Mittelschwaebische Nachrichten
Patron der Fuhrleute
Der heilige Richard von Chichester hatte einen einfachen Lebensstil
Krumbach In manchen barocken Kirchen kann man noch heute Zunftstangen der einzelnen Handwerker sehen, die bei Prozessionen mitgetragen wurden. Darauf ist in der Regel der Patron der einzelnen Zunft zu entdecken. So verehren die Bäcker den heiligen Nikolaus von Myra, die Metzger den heiligen Einsiedler Antonius, der mit einem Schwein dargestellt wird, die Zimmerleute den heiligen Josef, die Friseure den Heiligen König Ludwig, weil er sich rasieren ließ, die Bierbrauer den heiligen Vitus, weil er in einem Kessel das Martyrium erlitt. So ließe sich durch alle Berufsgruppen fortfahren, denn sie alle haben einen besonderen Schutzpatron, so auch die Fuhrleute. Der Patron der Fuhrleute gehört zu den weniger bekannten Heiligen. Es handelt sich um den heiligen Richard von Chichester, einen englischen Bischof, der im 13. Jahrhundert lebte.
Wie kam dieser Bischof zu seinem Patronat? Geboren wurde er 1197 in Wych, das in Worcestershire in England liegt. Dass er aus einem vermögenden Elternhaus stammte, lässt sich daraus ersehen, dass er in Oxford studierte, einer Eliteuniversität. Seine Studien setzte er in Paris an der Sorbonne, in Bologna und Orleans fort. Hochgebildet kehrte er in die Heimat zurück. 1235 wird er zum Kanzler der Universität Oxford gewählt. Kurze Zeit später berief ihn der Erzbischof von Canterbury und Primas von England zu seinem Generalvikar. Die Spannungen zwischen König Heinrich III. und Erzbischof Edmund von Abingdon führten dazu, dass der Erzbischof England verlassen musste und ins Exil nach Frankreich ging. Sein Kanzler und Generalvikar begleitete ihn. Richard nützte die Zeit des Exils, um in Orleans Theologie zu studieren.
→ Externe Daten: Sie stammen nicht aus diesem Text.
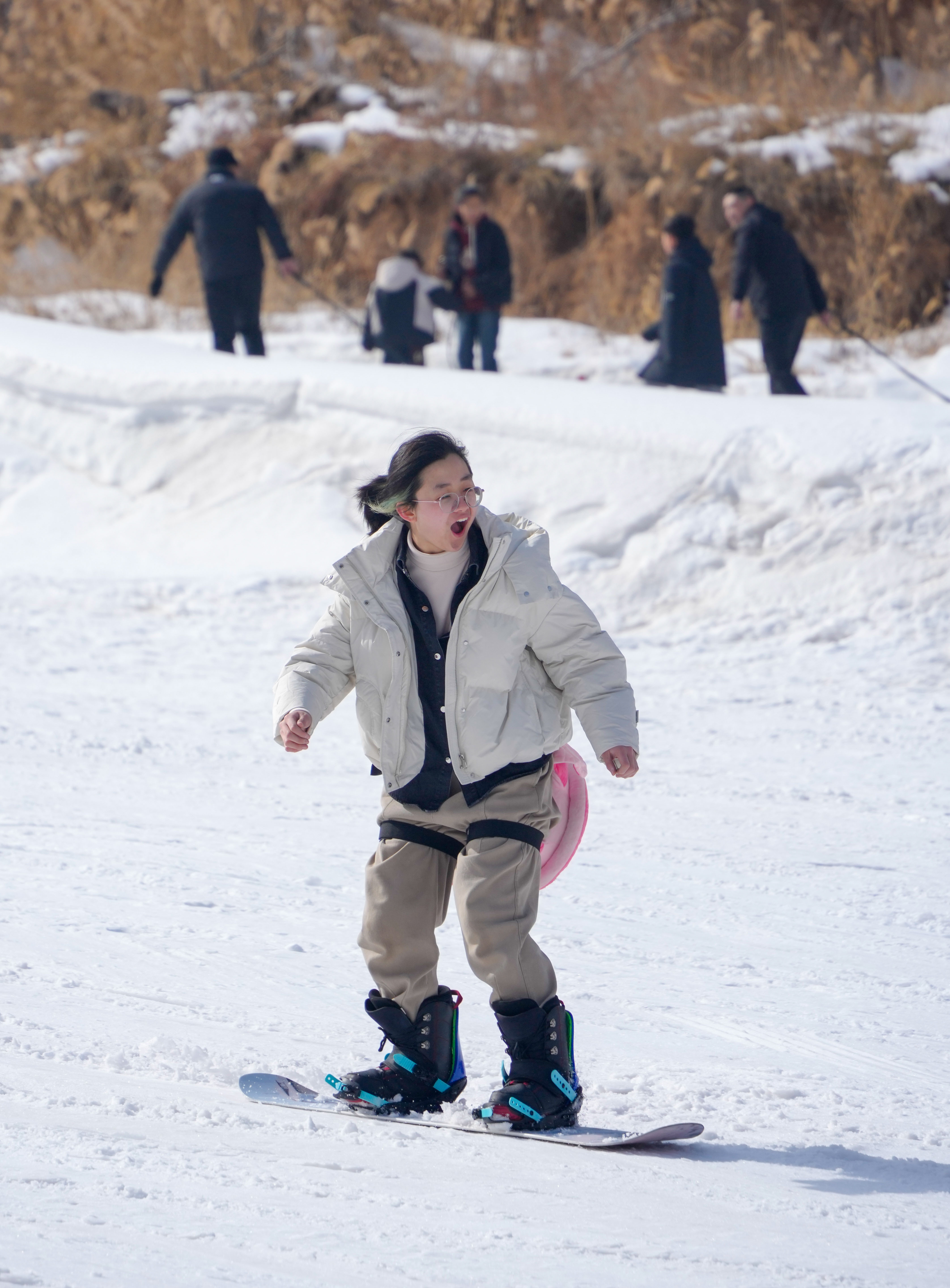 從滑雪坡上乘滑雪圈疾馳而下,大朋友、小朋友“全副武裝”盡情撒歡,游客們在冰雪運動中增強體質,樂享春節(jié)假期生活。(閆鑫 攝)

Richard hatte sich als Kanzler der Universität Oxford und als Generalvikar des Erzbischofs von Canterbury ein großes Vertrauen erworben, deshalb wurde er von den Bischöfen Englands als Bischof von Chichester 1244 gewählt. König Heinrich III. wollte keinen Parteigänger des im Exil lebenden Erzbischofs von Canterbury als Bischof von Chichester und nominierte einen eigenen Kandidaten. Papst Innozenz IV. ignorierte die Wünsche des Königs und weihte in Rom Richard zum Bischof. Offiziell konnte er in England sein Amt nicht antreten, aber er kehrte in die Heimat zurück. Mit einem Fuhrwerk unterwegs bereiste er sein Bistum. Sein einfacher Lebensstil beeindruckte die Menschen, die von Bischöfen ein anderes Auftreten gewohnt waren. Papst Innozenz IV. drohte König Heinrich III. die Exkommunikation an, wenn er Bischof Richard noch länger bei seiner Amtsausübung behindere. Jetzt lenkte der König ein und kündigte sogar an, dass er wie König Ludwig von Frankreich einen Kreuzzug unternehmen werde. Es wurden auch sofort Kreuzzugssteuern von Klerus und Laien erhoben, um das Unternehmen finanzieren zu können.
Seit 1247 konnte Bischof Richard sein Amt in ganzer Fülle ausüben. Er behielt seinen einfachen Lebensstil bei. Weiterhin war er nicht hoch zu Ross oder gar mit einer Sänfte unterwegs, sondern mit einem Fuhrwerk. Am 3. April 1253 starb er in Dover. Bestattet wurde er in der Kathedrale von Chichester. Zu seinem Grab pilgerten nicht nur die Fuhrleute, die dankbar waren für die Wertschätzung, die er ihnen entgegenbrachte, sondern auch viele Adelige, die mit der Amtsführung ihrer Könige nicht zufrieden waren. Das veranlasste König Heinrich VIII., der sich und England von der katholischen Kirche trennte, das Grab 1538 zu zerstören. Vor der Kathedrale in Chichester steht eine markante Figur des Heiligen, der von der anglikanischen wie der katholischen Kirche verehrt wird, ganz besonders aber von den Fuhrleuten.